Mayo Clinic has successfully invalidated the patent on a method of diagnosing a rare autoimmune disorder, handing the Minnesota health system a legal victory against one of the largest private lab companies in the U.S.
Mayo prevails in patent case, but legal fight isn't over
Judge ruled the test results are products of the laws of nature, can't be patented.
The Rochester-based academic medical center was sued by Athena Diagnostics, a subsidiary of New Jersey lab-industry giant Quest Diagnostics, over Mayo's decision to offer diagnostic tests for a disease called myasthenia gravis. MG is a chronic disorder that saps people's strength over the course of a day, often leaving them with drooping eyelids, leg weakness and difficulty swallowing and breathing.
Athena claimed in its federal lawsuit, filed in Massachusetts in 2015, that Mayo's tests infringed on Athena's exclusive right to use a patented method of diagnosing MG by detecting the chemical byproducts of a molecular interaction between a man-made chemical and a lab specimen taken from a person with the disease.
On Aug. 4, U.S. District Judge Indira Talwani ruled that Athena's proprietary test results are the product of a "law of nature," which cannot be patented, and the process didn't require "inventive techniques" that would have made it proprietary.
"Mayo Clinic and Mayo Medical Laboratories remain committed to providing high-quality comprehensive testing at an affordable price. Mayo will not comment further on the Athena/Quest litigation at this time," Mayo spokeswoman Gina Chiri-Osmond said via e-mail.
Emmett McMahon, a Minneapolis partner with Robins Kaplan, which is representing Athena, said the legal case is not over. "We disagree with the district court's decision and we plan on appealing," McMahon said Thursday.
The Athena ruling follows Mayo Clinic's legal victory at the U.S. Supreme Court in 2012 over another private lab company, Prometheus Laboratories, which is owned by Swiss foods giant Nestlé SA.
In Mayo v. Prometheus, the Minnesota hospital system successfully challenged a patent involving the use of thiopurine drugs to treat autoimmune conditions like Crohn's disease and ulcerative colitis. Prometheus owned the rights to a chemical test to determine the most effective doses of thiopurine drugs, but a unanimous Supreme Court ruled that Prometheus' process was not eligible because laws of nature are not patentable and Prometheus' test was not sufficiently "inventive" to give it patent protection.
"The sky is falling!" the influential Virginia patent attorney Gene Quinn wrote on his blog, IPWatchdog.com, after the 2012 ruling. "An enormous number of patents will now have no enforceable claims. Hundreds of billions of dollars in corporate value has been erased."
This month's ruling in Athena v. Mayo relied in part on the legal precedents in Mayo's victory over Prometheus.
"Athena's patent is similar to the patent invalidated by the Supreme Court" in 2012, Judge Talwani wrote. In the 2012 case, "a man-made substance was administered to a person, and the byproduct of the metabolization of that man-made substance was observed. ... Here, a man-made substance (I-MuSK) is administered to a sample of bodily fluid, and the byproduct (I-MuSK autoantibodies) is observed."

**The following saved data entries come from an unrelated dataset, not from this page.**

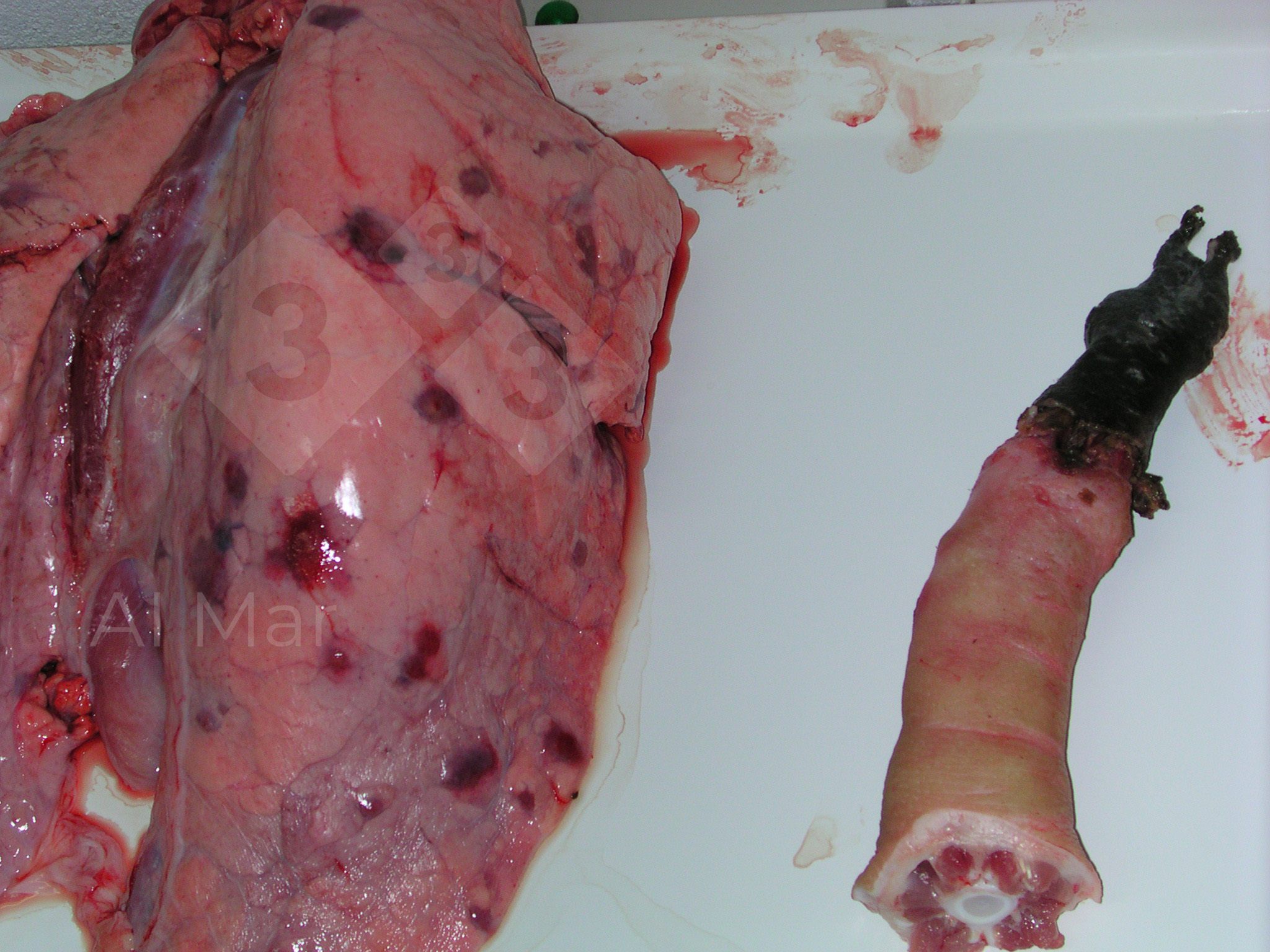Cette image en coupe transversale d'un poumon de porc est caractéristique d'une pneumonie provoquée par:
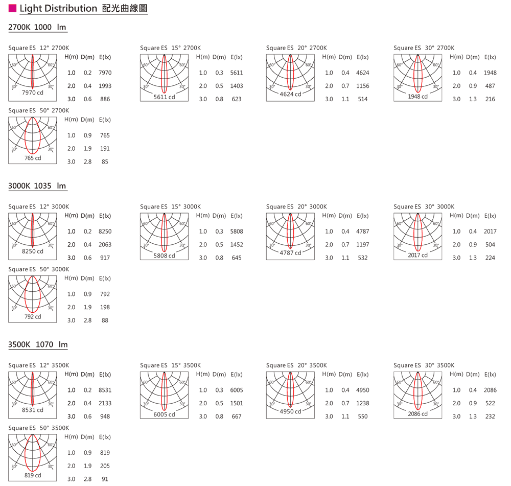 色溫(Color Temperature):2700K、3000K、3500K、4000K、5000K、5700K、6500K
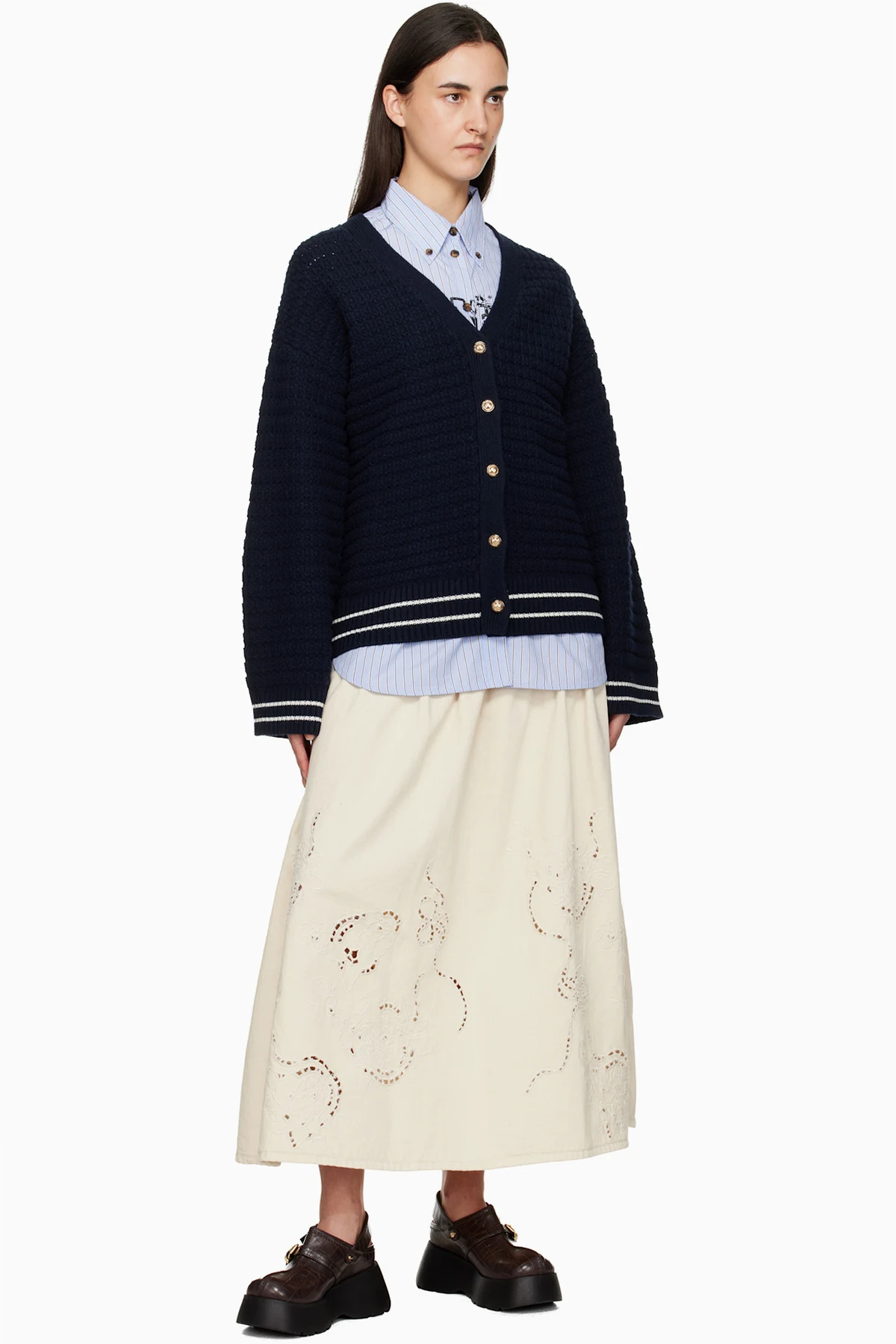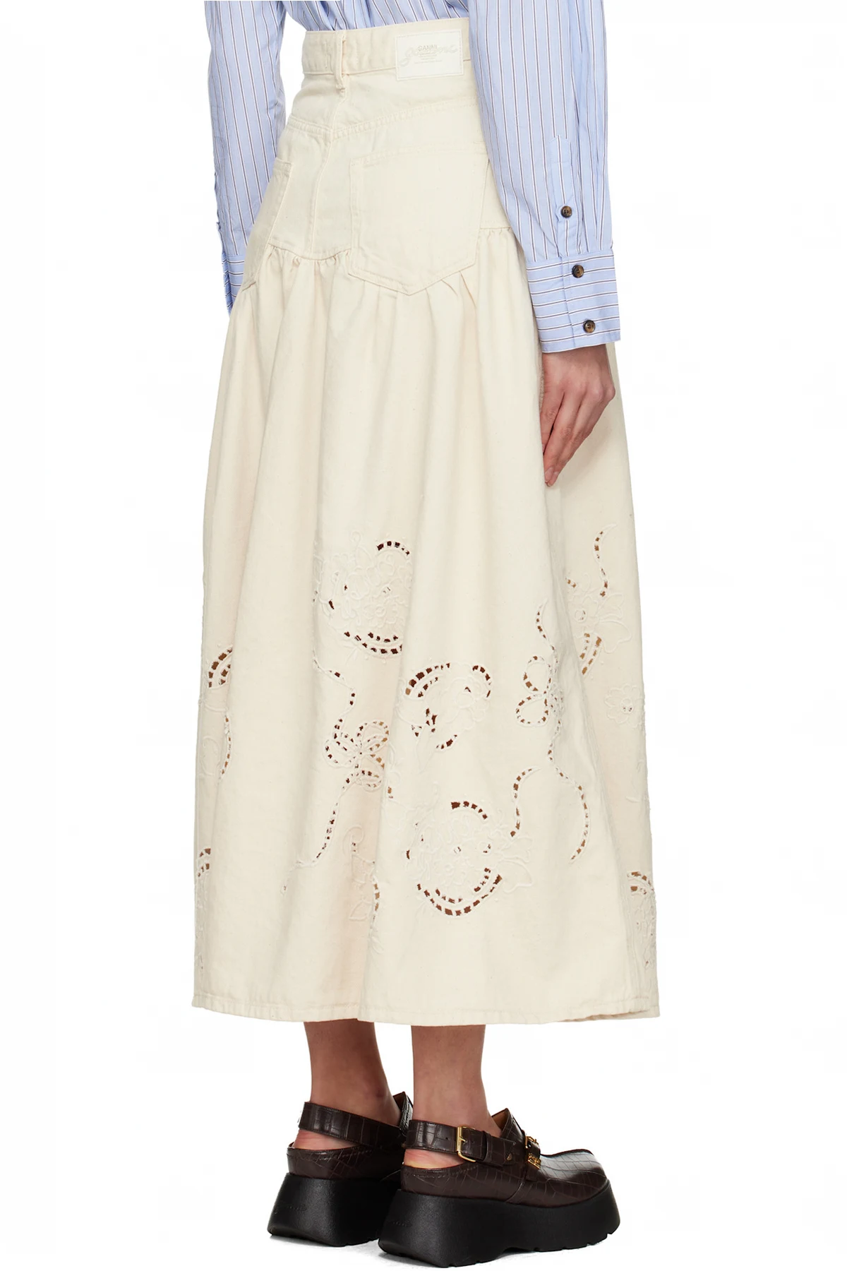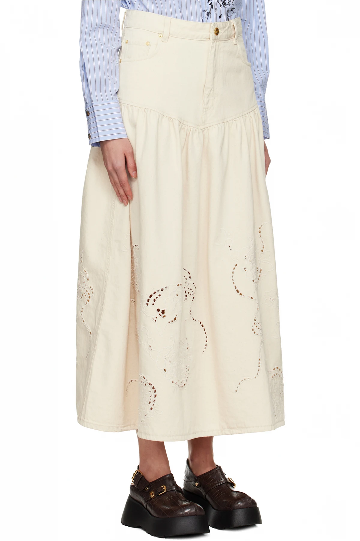 Ganni Off-White Broderie Anglaise Denim Maxi Skirt
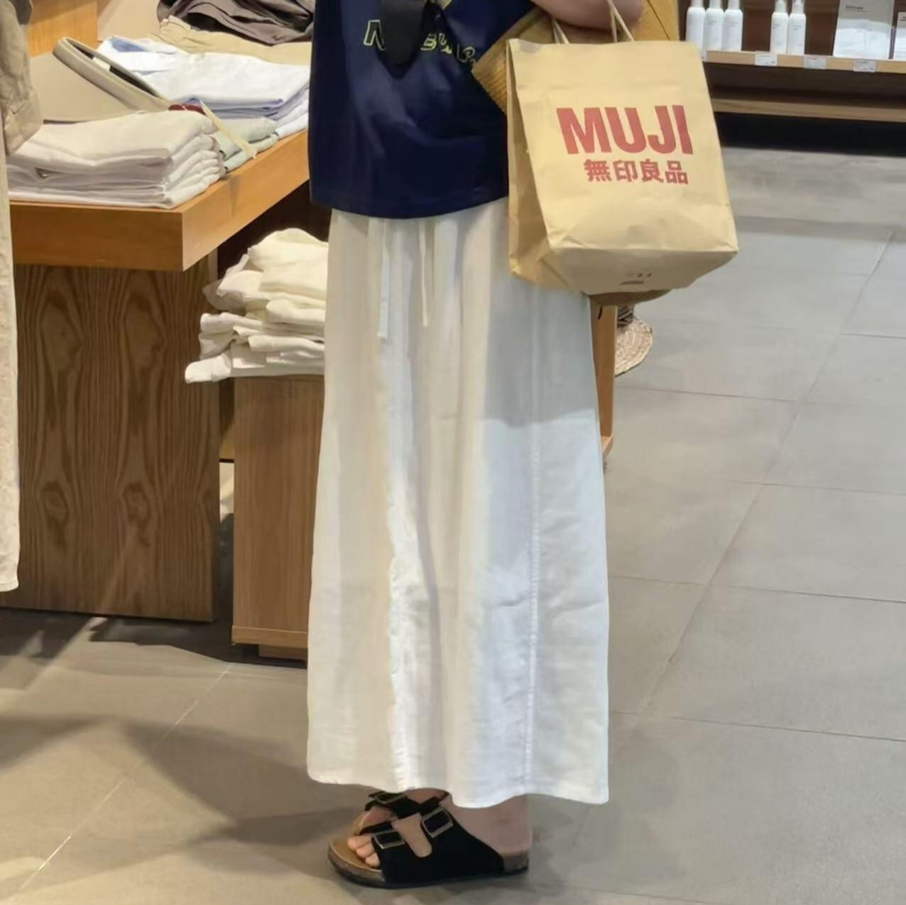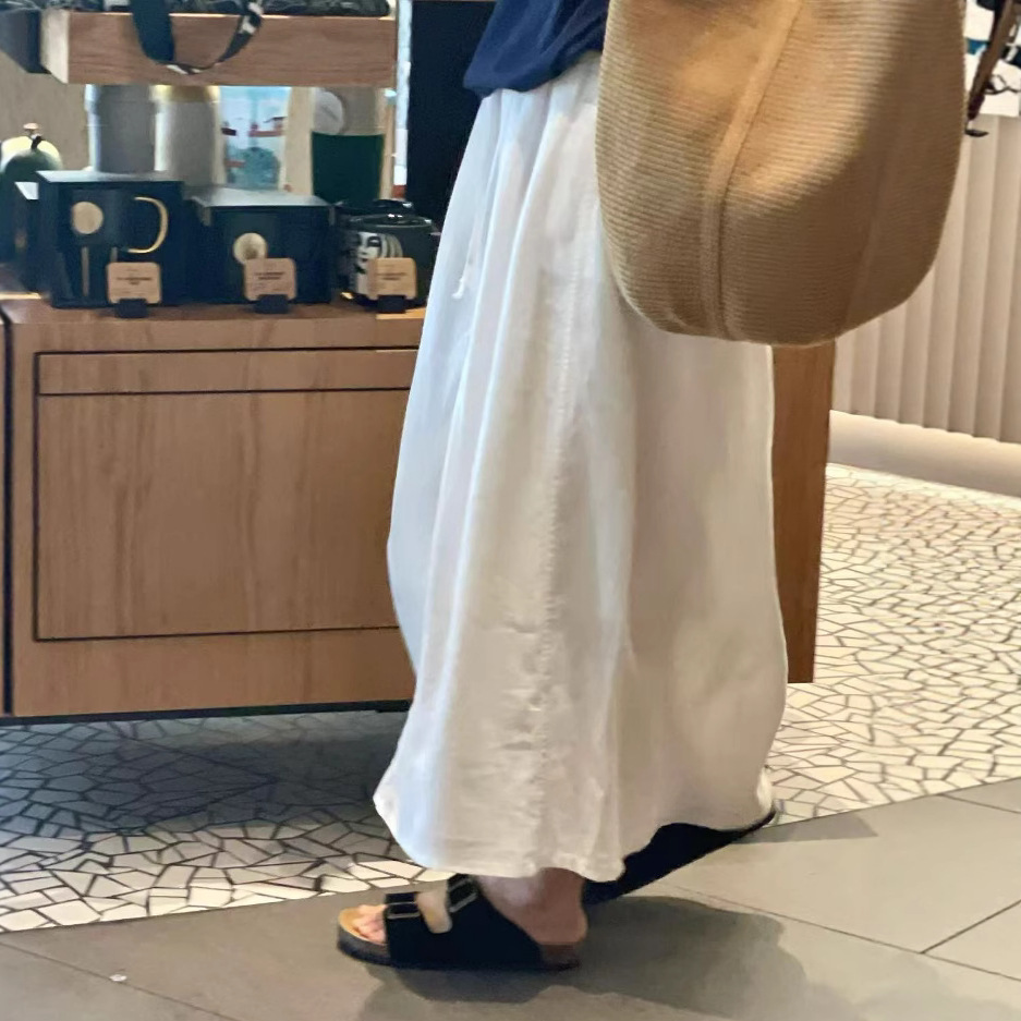 夏季慵懒风白色半裙 小众设计感舒适百搭裙子

Athena had patent rights to a process in which a synthetic version of the natural muscle-specific tyrosine kinase (MuSK) neuroreceptor was mixed with a biological sample from a patient suspected of having MG. If the patient has a specific form of the disease, the synthetic I-MuSK will leave easily identifiable radioactive traces on antibodies in the sample, thus diagnosing the disease.
Athena's lawsuit says that medical practitioners with Mayo ordered Athena's lab test sometime before May 19, 2015, and that after that date, the health system changed its policy and decided it would not purchase Athena's test. Around the same time, Athena said, Mayo developed its own lab tests to diagnose MG, violating the patent and causing Athena to lose profits on every MG test that Mayo runs.
Athena's lawsuit called Mayo's actions "surreptitious" and purposeful.
Talwani ruled that Athena's patent did not cover the creation of the synthetic I-MuSK used in the test, but rather the application of I-MuSK to the sample, which is a chemical interaction governed by the laws of nature. Although special techniques have to be used to identify antibodies in the sample, Talwani agreed with Mayo that the process draws on widely understood concepts in laboratory medicine that cannot be patented.
In an interview Thursday, Quinn said the courts are misinterpreting patent law when it comes to proprietary lab tests, which may undermine investor confidence in funding new tests.
"It's gotten harder and harder to get these patents and keep them. And that should be a concern for everyone," Quinn said. "Because if you can't diagnose, then you can't treat."